Figure 5. — Associations of loneliness and social isolation with biological aging, by levels of loneliness and social isolation persistence. Panels A and B show results from analysis of loneliness and social isolation, respectively. Cell (i) shows a scatter plot of chronological age versus Phenotypic Age for participants who reported persistent loneliness or social isolation (red), participants who reported intermittent loneliness or social isolation (orange), and participants who never reported loneliness or social isolation (blue). Cell (ii) shows mean Phenotypic Age Advancement (Phenotypic Age − chronological age) for participants exposed to loneliness and social isolation across the strata of Never, Intermittent, and Persistent loneliness and isolation. Phenotypic Age Advancement values are plotted as z-scores (M = 0, SD = 1). Error bars show 95% confidence intervals.

Sensitivity Analysis

We conducted sensitivity analyses. First, to test if our findings depended on our measures of experiences of loneliness and exposure to social isolation, we repeated analysis using alternative codings of the 3-item Revised UCLA Loneliness Scale and the 6-item Social Isolation scale as well as alternative measures of social isolation. We also repeated analysis using continuous loneliness and social isolation scores. The results from this sensitivity analysis were generally the same as the results from the main analysis.
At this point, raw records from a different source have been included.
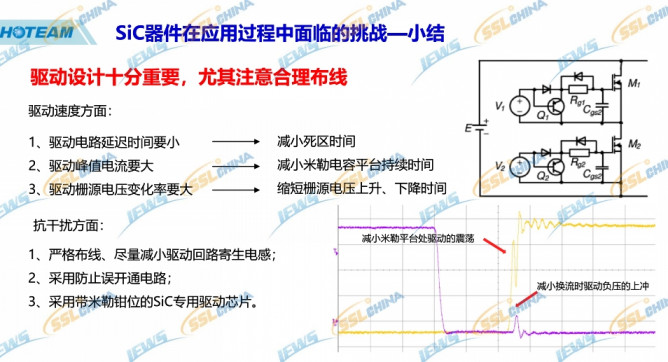 SiC器件具有高開關(guān)頻率、高耐壓、耐高溫、低損耗等諸多優(yōu)勢(shì),但在SiC器件應(yīng)用方面,仍然面臨諸多挑戰(zhàn):如何避免米勒電容引起的寄生導(dǎo)通效應(yīng);如何進(jìn)一步提高開關(guān)頻率,降低開關(guān)與導(dǎo)通損耗;如何準(zhǔn)確的測(cè)量柵源電壓驅(qū)動(dòng)波形;如何可靠的保護(hù)等等。報(bào)告對(duì)這些問題進(jìn)行了剖析,并提出來相應(yīng)的解決方案,報(bào)告特別強(qiáng)調(diào),SiC器件的應(yīng)用,驅(qū)動(dòng)設(shè)計(jì)十分重要,尤其應(yīng)注意合理布線。報(bào)告最后對(duì)SiC的應(yīng)用進(jìn)行了展望,除以上三款產(chǎn)品外,公司也在試驗(yàn)電源、新能源汽車逆變器進(jìn)行了SiC器件應(yīng)用的探索。報(bào)告指出,預(yù)計(jì)在未來幾年,隨著技術(shù)的進(jìn)步和成本的降低,SIC的市場(chǎng)份額和應(yīng)用范圍都將大幅度擴(kuò)展。
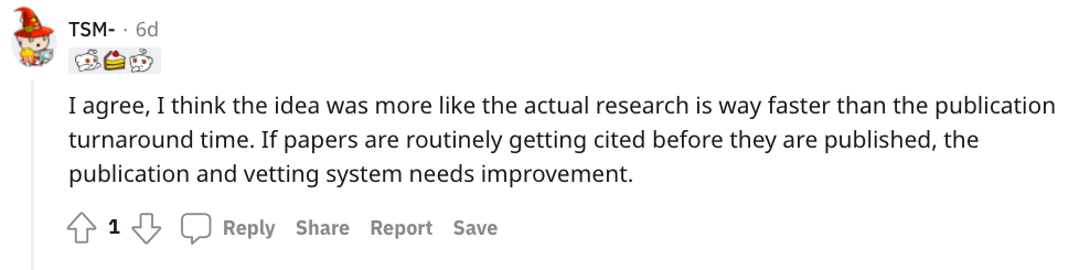 原博主认同「引用数和论文质量不挂钩」,他想强调的是「实际研究进展是比论文发表要快的,所以出版和审查系统需要改进,不能总是让论文在发表前被引用这种事发生」。
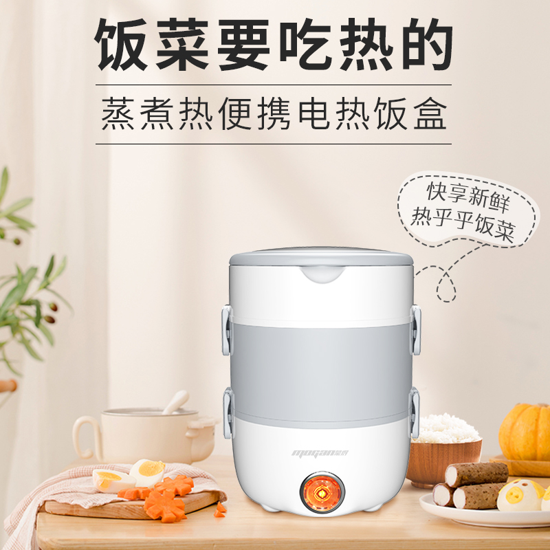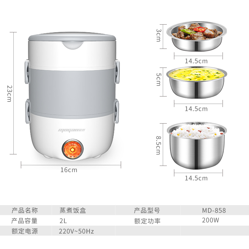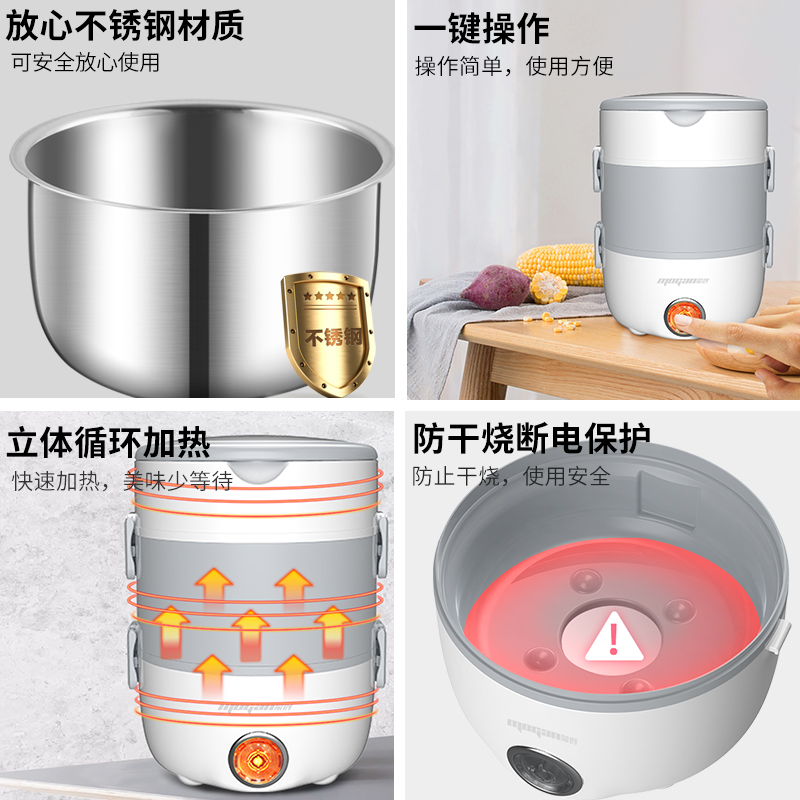 大容量三层防干烧自动断电电热饭盒【食品级不锈钢/白色】
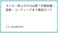 モニターの緑の線は、原因が一つじゃないぶん焦りやすい。でも切り分けは、入力→ケーブル→設定→別画面の順で進めれば詰まらない。ここまでやって残るなら、あなたの使い方が悪いという話ではなく、機材側のタイミングが来た可能性が高い。そこまで判断できた時点で、もう十分勝っている。

Results are reported in Supplementary Table 7 and Supplementary Figure 2.

Second, because our analysis sample included a large chronological age range, we compared findings in a younger subset of the sample (age 50–64) to the older subset of the sample (age 65–95). Results were similar in both groups although effect sizes were somewhat larger for the younger subset. Results are reported in Supplementary Table 9.

Third, the group of participants identified as having intermittent experiences of loneliness and exposure to social isolation varied in the timing of their experiences and exposures relative to outcome assessment. Among those who were intermittently lonely or socially isolated, we compared findings for those who were last lonely or socially isolated at their most recent assessment wave and those who were last lonely or socially isolated at earlier assessment waves. Results are reported in Supplementary Table 10.

Discussion

We tested how older adults’ experiences of loneliness and exposure to social isolation were related to deficits in healthy aging using longitudinal, repeated-measures data from the HRS. We measured loneliness and social isolation during 2006–2014 and analyzed health outcomes in 2016 and mortality through 2018. Findings add to knowledge about relationships of loneliness and social isolation with deficits in healthy aging in 4 ways.
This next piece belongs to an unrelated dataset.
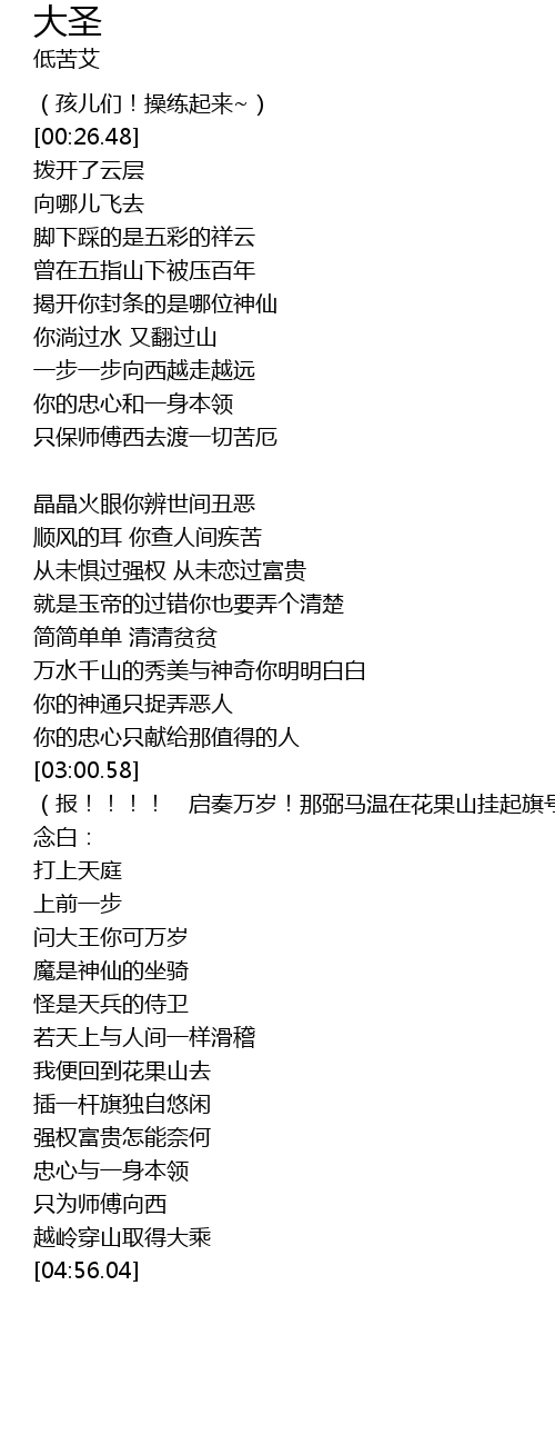 | [03:28.94] | (报!!!! 启奏万岁!那弼马温在花果山挂起旗号自称齐天大圣,他要与万岁平起平坐!) |

First, experiences of loneliness and exposure to social isolation are associated with deficits in healthy aging, and these associations are partly but not fully explained by correlated social and economic circumstances and psychological vulnerabilities that make loneliness and social isolation more likely. This result points to the centrality of social and economic circumstances to healthy aging. It also highlights the challenge of disentangling loneliness and social isolation from mental health symptoms that may be both causes and consequences of deficits in social connectedness. Second, analysis of incident disability and chronic disease ruled out reverse causation as an explanation for the associations of loneliness and social isolation with disability but not in the case of chronic disease. Third, older adults with persistent experiences of loneliness suffered more severe deficits in healthy aging as compared to those with intermittent experiences of loneliness. In contrast, we found no evidence for a similar increased risk due to persistence in the case of exposure to social isolation. Fourth, associations of loneliness and social isolation with deficits in healthy aging were related to an overall process of biological aging. Previous studies have linked loneliness and social isolation with dysregulation of the immune system (30), and our findings suggest that the biology of the relationships of loneliness and social isolation with deficits in healthy aging may encompass quantifiable declines across multiple physiological systems.

These findings must be interpreted within the context of limitations. The measures of experiences of loneliness and exposure to social isolation used in our analysis are imprecise and are not parallel in what they capture. There are no current gold standard measures for the constructs we studied. Misclassification is possible. We used measurements validated within the HRS and its sister-study English Longitudinal Study of Aging, the 3-item Revised UCLA Loneliness Scale (35), and the 6-item Social Isolation scale (5,36,39). Sensitivity analysis using alternative measures of loneliness and social isolation yielded results similar to those reported in the main analysis (see Supplementary Methods, Supplementary Table 7, and Supplementary Figure 2). Loneliness and social isolation were first assessed in the HRS in 2006 and assessment occurred at every other measurement wave. Most participants had only 2 or 3 repeated measures. Classification of persistence may change with additional follow-up. In parallel, there is no gold standard measure of aging. We analyzed deficits in healthy aging using a combination of mortality records, self-reported disability and chronic disease diagnosis data, and a clinical-biomarker-assessed measure of biological aging. Consistent findings across these outcomes bolster confidence in our conclusions. Follow-up time was limited. We were only able to analyze biological aging at a single time point. For analysis of incident disability and disease, prospective follow-up extended at most 6 years. Continued waves of HRS follow-up will allow for repeated-measures analysis of biological aging and longer follow-up of incident disability and disease outcomes. Experiences of loneliness and exposure to social isolation may be culturally dependent. Our study was based in the United States, and findings may not be transportable to other settings around the world. Strengths of our study include a longitudinal repeated-measures design, analysis of a large national sample of older adults with measurements of loneliness, social isolation, multiple healthy aging endpoints, and key confounding and mediating factors.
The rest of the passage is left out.